- What you will do: Would you print, word for word, only the lines running from the line with "Row of inkjet" to the last line of the entries, without the pictures?

- Source information:
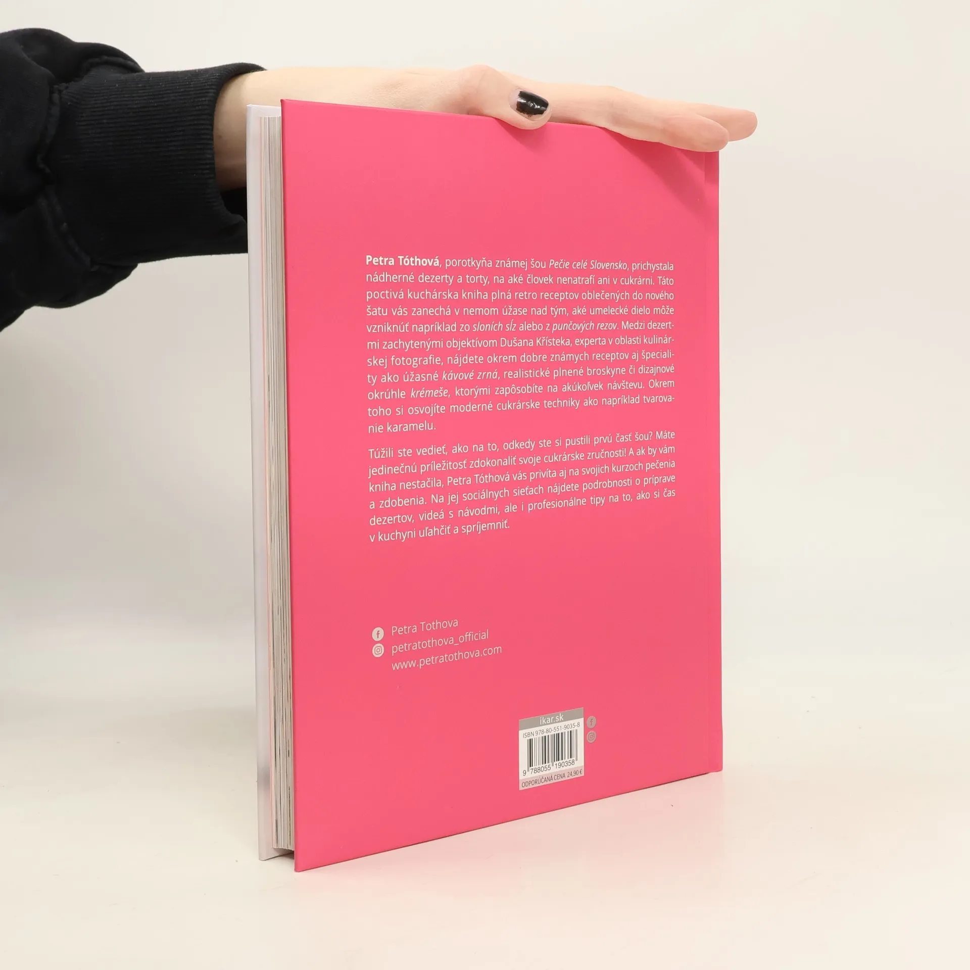 Pripravte si dezerty ako z francúzskych cukrární! Petra Tóthová, porotkyňa známej šou Pečie celé Slovensko, vás zaškolí do elegantného umenia cukrárstva. Jej kniha je plná nádherných zákuskov a tort, na aké človek len tak nenatrafí. Retro recepty oblečené do moderného šatu vás zanechajú v nemom úžase nad tým, aké umelecké dielo môže vzniknúť napríklad zo sloních sĺz alebo z punčových rezov. Medzi dezertmi zachytenými objektívom Dušana Křísteka, experta v oblasti kulinárskej fotografie, nájdete okrem dobre známych tradičných receptov aj cukrárske špeciality ako úžasné kávové zrná, realistické plnené broskyne či dizajnové okrúhle krémeše, ktorými zapôsobíte na akúkoľvek návštevu. Túžili ste vedieť ako pracovať s karamelom? Máte jedinečnú príležitosť zdokonaliť svoje cukrárske zručnosti! A ak by vám kniha nestačila, Petra Tóthová vás privíta aj na svojich kurzoch pečenia a zdobenia. Na jej sociálnych sieťach nájdete podrobnosti o príprave dezertov, videá s návodmi, ale i profesionálne tipy na to, ako si čas v kuchyni uľahčiť a spríjemniť.
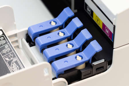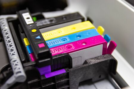 Row of inkjet printer CMYK cartridges - cyan, magenta, yellow, key or black colors - close up view.
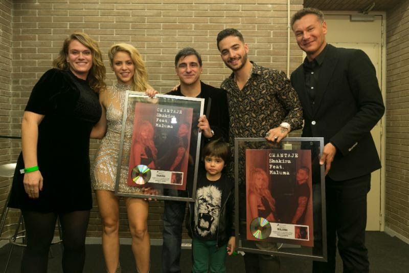 (Shakira y Maluma junto a Afo Verde, Walter Kolm management de Maluma)
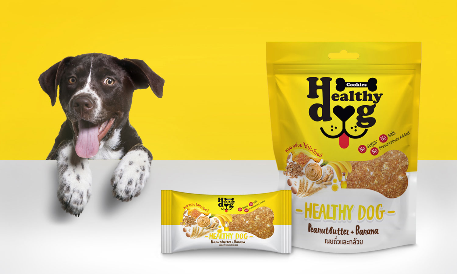 ขนมสุขภาพสำหรับสุนัข Healthydog เป็นขนมทีใช้วัตถุดิบคุณภาพและให้ประโยชน์ต่อสุนัขอย่างมากมาย เราจึงออกแบบโดยใช้รูปวัตถุดิบ ซึ่งเป็นจุดขายของสินค้า นำมาวางเรียงเป็นรูปกระดูก ที่สามารถสื่อถึงสุนัขได้ในทันที โดยไม่ต้องมีภาพสุนัขการใช้สีเหลืองเพื่อทำให้รู้สึกคึกคัก มีพลังงาน สุขภาพดี และเป้นการคุมโทนสีให้เข้ากับรูปวัตถุดิบต่างๆอีกด้วย
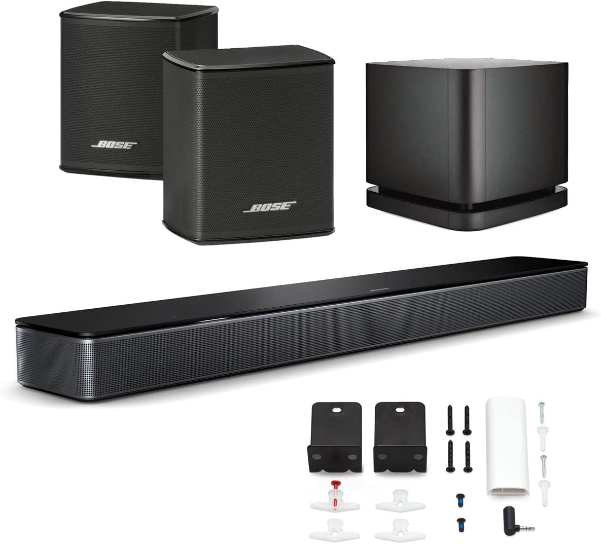 Bose Smart Soundbar 300 Bluetooth Wi-Fi Voice Control Bundle with Wireless Surround Speakers Pair, Bass Module 500 (Black)
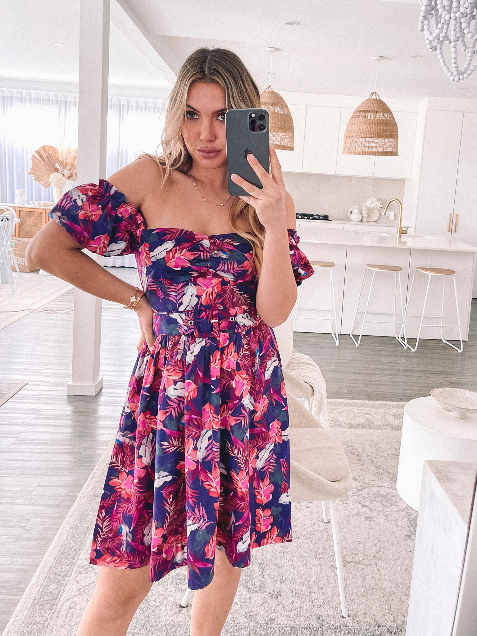 Our Devira Dress comes in a multicoloured print. A great spring style, this number is designed with an off shoulder neckline, short sleeves, waist belt and flowy skirt. Match with a classy clutch bag!

- Exercise output:
 Row of inkjet printer CMYK cartridges - cyan, magenta, yellow, key or black colors - close up view.
 (Shakira y Maluma junto a Afo Verde, Walter Kolm management de Maluma)
 ขนมสุขภาพสำหรับสุนัข Healthydog เป็นขนมทีใช้วัตถุดิบคุณภาพและให้ประโยชน์ต่อสุนัขอย่างมากมาย เราจึงออกแบบโดยใช้รูปวัตถุดิบ ซึ่งเป็นจุดขายของสินค้า นำมาวางเรียงเป็นรูปกระดูก ที่สามารถสื่อถึงสุนัขได้ในทันที โดยไม่ต้องมีภาพสุนัขการใช้สีเหลืองเพื่อทำให้รู้สึกคึกคัก มีพลังงาน สุขภาพดี และเป้นการคุมโทนสีให้เข้ากับรูปวัตถุดิบต่างๆอีกด้วย
 Bose Smart Soundbar 300 Bluetooth Wi-Fi Voice Control Bundle with Wireless Surround Speakers Pair, Bass Module 500 (Black)
 Our Devira Dress comes in a multicoloured print. A great spring style, this number is designed with an off shoulder neckline, short sleeves, waist belt and flowy skirt. Match with a classy clutch bag!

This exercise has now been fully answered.